The records below need to be repeated exactly, though not their pictures.

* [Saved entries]
---
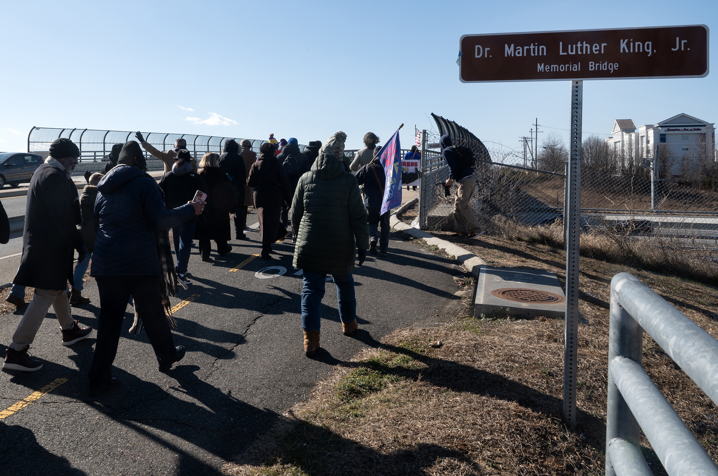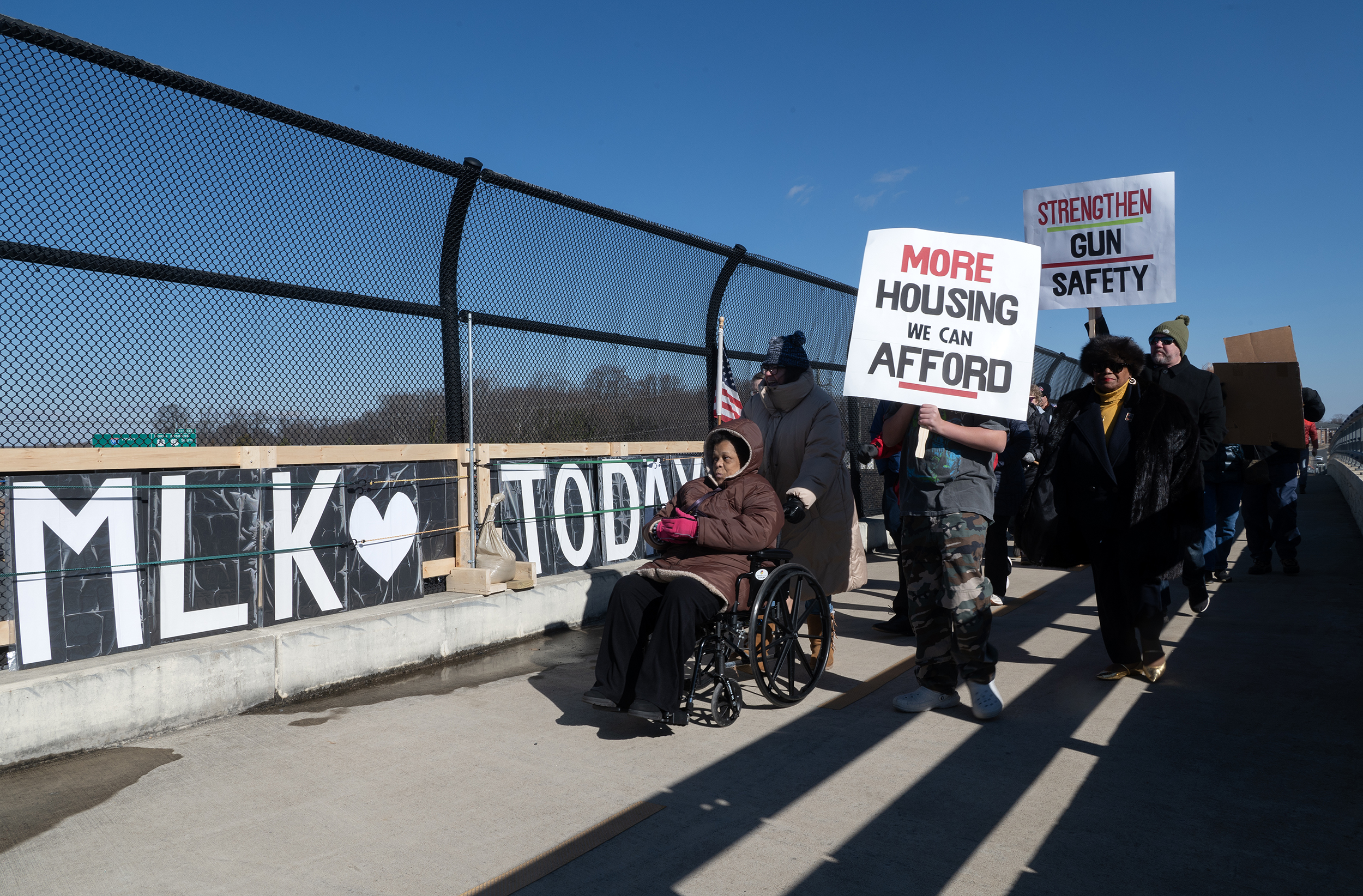 Members of the Fredericksburg community walk across the MLK Memorial Bridge celebrating the life of Dr. Martin Luther King Jr. Monday January 19, 2026. Photo by Jeff Kearney.
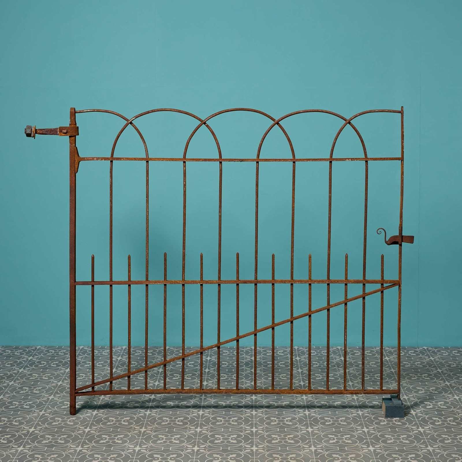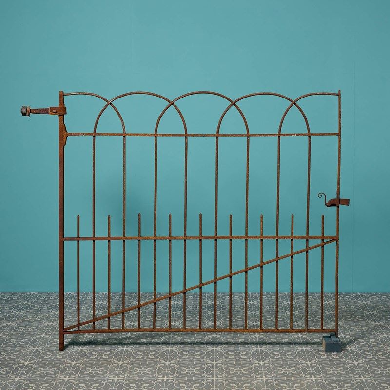 A mid-19th century wrought iron garden side gate, circa 1870, made in a simple repeating arch design. Fitted with an original collar hinge and an original working latch, this antique pedestrian gate is certain to bring character to any garden, blending into any scheme with its uncomplicated and understated design.
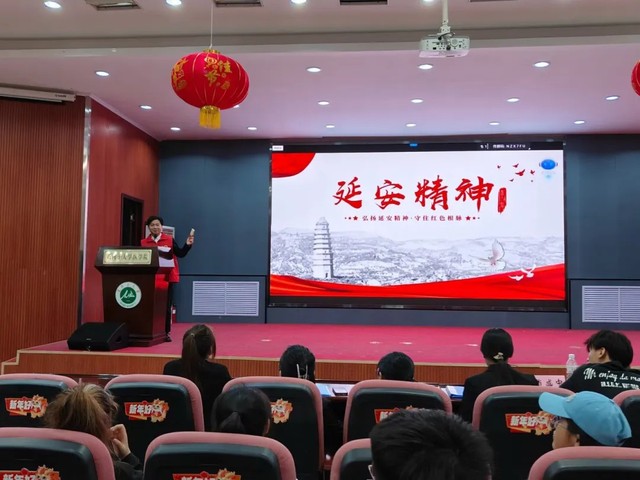 随后,宣讲团队长赵恒向在场的师生们详细介绍了延安的地理位置、历史背景及其独特的文化和产品。他讲到,延安不仅有着丰富的历史文化资源,还有着许多优质的农产品和手工艺品。例如,延安苹果以其甜美的口感和脆嫩的质地闻名遐迩,延安红枣则因含有丰富的营养价值而受到消费者的青睐。
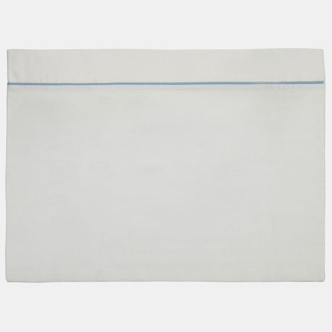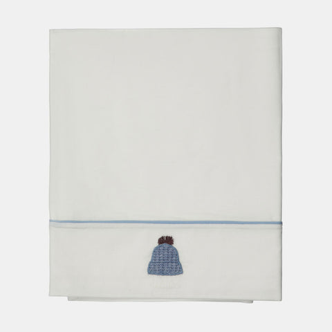 Sheet for pram, from the Lalalù Baby Line, with light blue piping and application of a knitted hat.
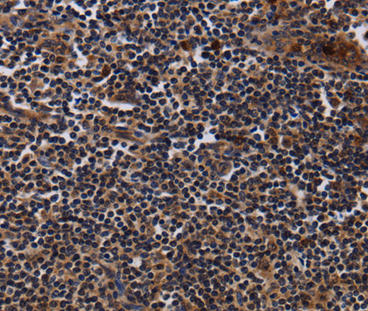 Immunohistochemistry of paraffin-embedded Human tonsil tissue using NTMT1 Polyclonal Antibody at dilution 1:40
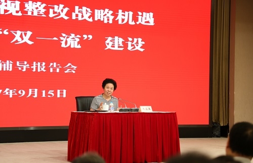 新闻中心讯 9月15日,教育部党组成员、中管高校巡视整改工作指导小组副组长王立英同志以《紧紧抓住巡视整改战略机遇,引领学校“双一流”建设》为题,为我校干部教师作深化巡视整改专题辅导报告。报告会由校党委书记焦扬主持。
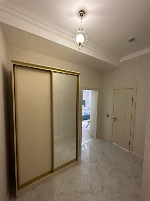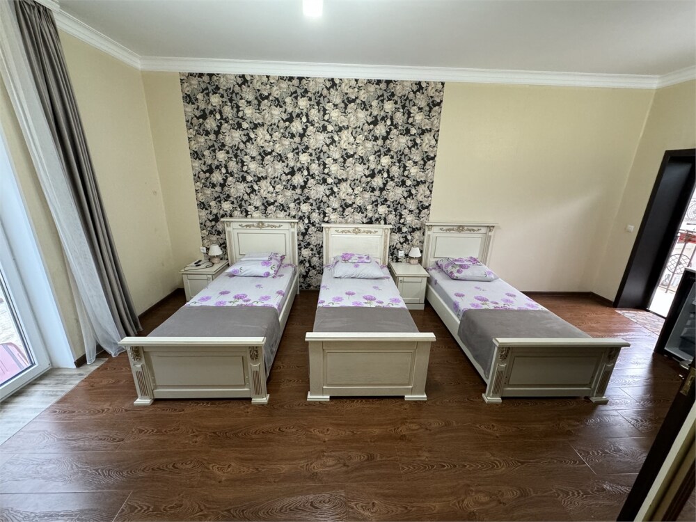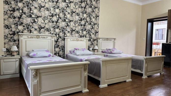 Номер с прихожей и большой комнатой. В номере есть межкомнатная дверь, разделяющая спальную зону и прихожую, своя ванная и туалет. Имеется ванна с душем, полотенцесушитель, фен, полноценный шкаф для одежды и обуви. Основное спальное место - кровать 2*2, дополнительно есть диван-кровать со спальным местом 1*4*1.9. В комнате большой smart-телевизор, беспроводной интернет, электрический чайник, чайный столик и минимальный набор посуды.
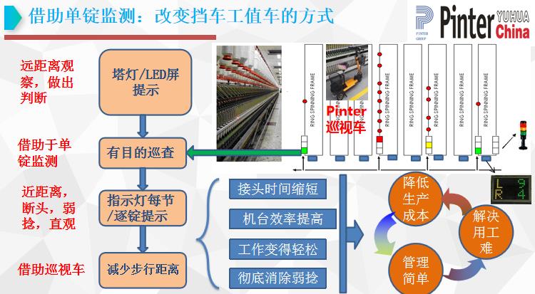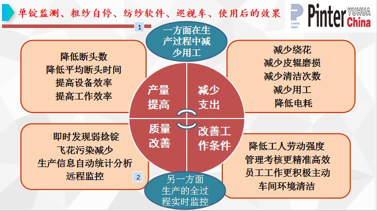 工作環(huán)境和勞動強度的改變:使工作變的輕松,提高工人積極性,改變招工難的現(xiàn)狀。飛花減少,一方面有利于紗線質量,另一個方面減少污染,環(huán)境得以改善,飛花減少,減少清潔次數(shù),增加車間的潔凈度。減少擋車工及保全工,降低用工成本。
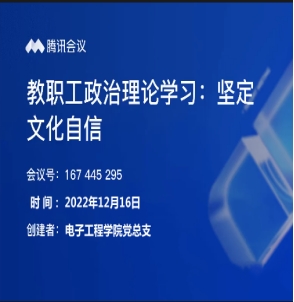 2022年12月16日下午,电子工程学院党总支组织全体进行教职工政治理论学习,会议邀请李季校长作“坚定文化自信”主题报告。会议由电子工程学院党总支书记侯睿主持。
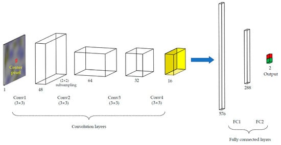In deep learning, CNNs are the most popular networks used for image classification. In this work, CNN is utilized to obtain the confidence value of each pixel belonging to the auroral oval region. The design of the proposed CNN architecture is motivated by [], and the structure is shown in Figure 5. This network consists of an input layer, four convolution layers, and two fully connected layers. The input layer specifies a sub-image extracted from the auroral images with the size of 11 × 11. Each convolutional layer has a 3 × 3 filter and a rectified linear unit (ReLU) [], and zeros are padded around the border before each convolution so that the output does not lose relative pixel position information. The feature map (yellow) after the fourth convolutional layer is reduced to a one-channel feature as a 1 × 576 vector. The output of the network is a 1 × 2 vector which indicates the confidence values that the center pixel belongs to the auroral region (red) and background region (green).
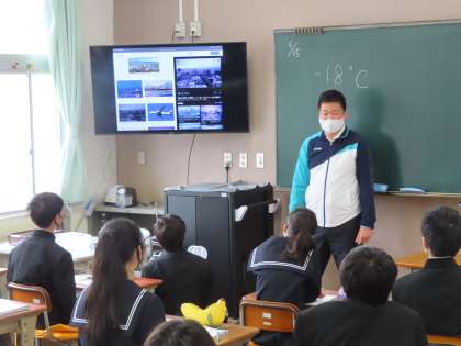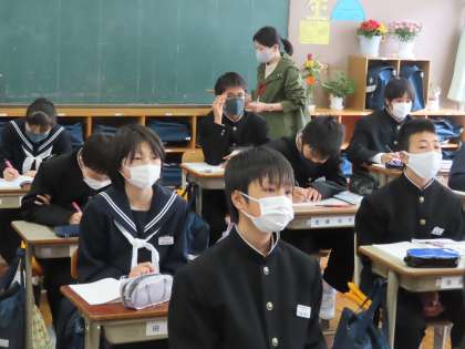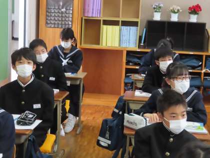 1Dは数学の授業でした、世界地図から都市の名前や気温などの映像を見ていました。気温の表示でマイナスが出てきました。数学の授業にいきなり戻ります。「マイナス」ってどういうこと?と質問が出されました。自分の考えをノートに書いていました。支援員さんの山開さんも一緒に授業を受けています。
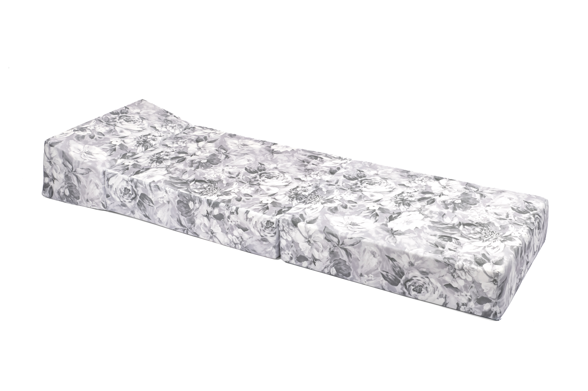 Tehokas ja käytännöllinen kolmiosainen kokoontaitettava nojatuolisänky Trend , jonka täytteenä on vaahtomuovipalat ja päällisenä verhoilukangas (päällinen irrotettavissa vetoketjulla).
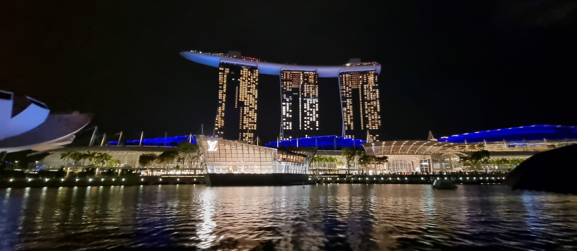 싱가포르의 랜드마크인 마리나 베이 샌즈 호텔과 루이비통 건물이 보입니다.
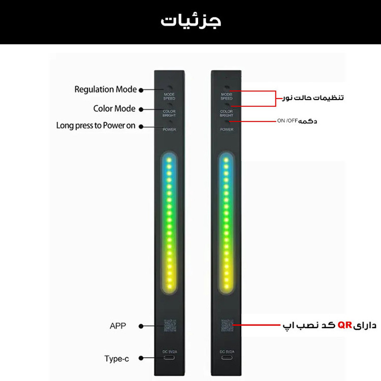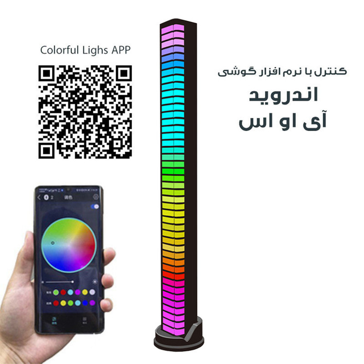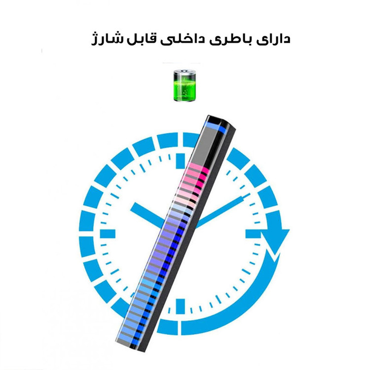 قابلیت همگام با ریتم صدای محیط ، باطری داخلی قابل شارژ ، تنظیم رنگ نور و حالت نور
---
* [Answer area]
 Members of the Fredericksburg community walk across the MLK Memorial Bridge celebrating the life of Dr. Martin Luther King Jr. Monday January 19, 2026. Photo by Jeff Kearney.
 A mid-19th century wrought iron garden side gate, circa 1870, made in a simple repeating arch design. Fitted with an original collar hinge and an original working latch, this antique pedestrian gate is certain to bring character to any garden, blending into any scheme with its uncomplicated and understated design.
 随后,宣讲团队长赵恒向在场的师生们详细介绍了延安的地理位置、历史背景及其独特的文化和产品。他讲到,延安不仅有着丰富的历史文化资源,还有着许多优质的农产品和手工艺品。例如,延安苹果以其甜美的口感和脆嫩的质地闻名遐迩,延安红枣则因含有丰富的营养价值而受到消费者的青睐。
 Sheet for pram, from the Lalalù Baby Line, with light blue piping and application of a knitted hat.
 Immunohistochemistry of paraffin-embedded Human tonsil tissue using NTMT1 Polyclonal Antibody at dilution 1:40
 新闻中心讯 9月15日,教育部党组成员、中管高校巡视整改工作指导小组副组长王立英同志以《紧紧抓住巡视整改战略机遇,引领学校“双一流”建设》为题,为我校干部教师作深化巡视整改专题辅导报告。报告会由校党委书记焦扬主持。
 Номер с прихожей и большой комнатой. В номере есть межкомнатная дверь, разделяющая спальную зону и прихожую, своя ванная и туалет. Имеется ванна с душем, полотенцесушитель, фен, полноценный шкаф для одежды и обуви. Основное спальное место - кровать 2*2, дополнительно есть диван-кровать со спальным местом 1*4*1.9. В комнате большой smart-телевизор, беспроводной интернет, электрический чайник, чайный столик и минимальный набор посуды.
 工作環(huán)境和勞動強度的改變:使工作變的輕松,提高工人積極性,改變招工難的現(xiàn)狀。飛花減少,一方面有利于紗線質量,另一個方面減少污染,環(huán)境得以改善,飛花減少,減少清潔次數(shù),增加車間的潔凈度。減少擋車工及保全工,降低用工成本。
 2022年12月16日下午,电子工程学院党总支组织全体进行教职工政治理论学习,会议邀请李季校长作“坚定文化自信”主题报告。会议由电子工程学院党总支书记侯睿主持。
In deep learning, CNNs are the most popular networks used for image classification. In this work, CNN is utilized to obtain the confidence value of each pixel belonging to the auroral oval region. The design of the proposed CNN architecture is motivated by [], and the structure is shown in Figure 5. This network consists of an input layer, four convolution layers, and two fully connected layers. The input layer specifies a sub-image extracted from the auroral images with the size of 11 × 11. Each convolutional layer has a 3 × 3 filter and a rectified linear unit (ReLU) [], and zeros are padded around the border before each convolution so that the output does not lose relative pixel position information. The feature map (yellow) after the fourth convolutional layer is reduced to a one-channel feature as a 1 × 576 vector. The output of the network is a 1 × 2 vector which indicates the confidence values that the center pixel belongs to the auroral region (red) and background region (green).
 1Dは数学の授業でした、世界地図から都市の名前や気温などの映像を見ていました。気温の表示でマイナスが出てきました。数学の授業にいきなり戻ります。「マイナス」ってどういうこと?と質問が出されました。自分の考えをノートに書いていました。支援員さんの山開さんも一緒に授業を受けています。
 Tehokas ja käytännöllinen kolmiosainen kokoontaitettava nojatuolisänky Trend , jonka täytteenä on vaahtomuovipalat ja päällisenä verhoilukangas (päällinen irrotettavissa vetoketjulla).
 싱가포르의 랜드마크인 마리나 베이 샌즈 호텔과 루이비통 건물이 보입니다.
 قابلیت همگام با ریتم صدای محیط ، باطری داخلی قابل شارژ ، تنظیم رنگ نور و حالت نور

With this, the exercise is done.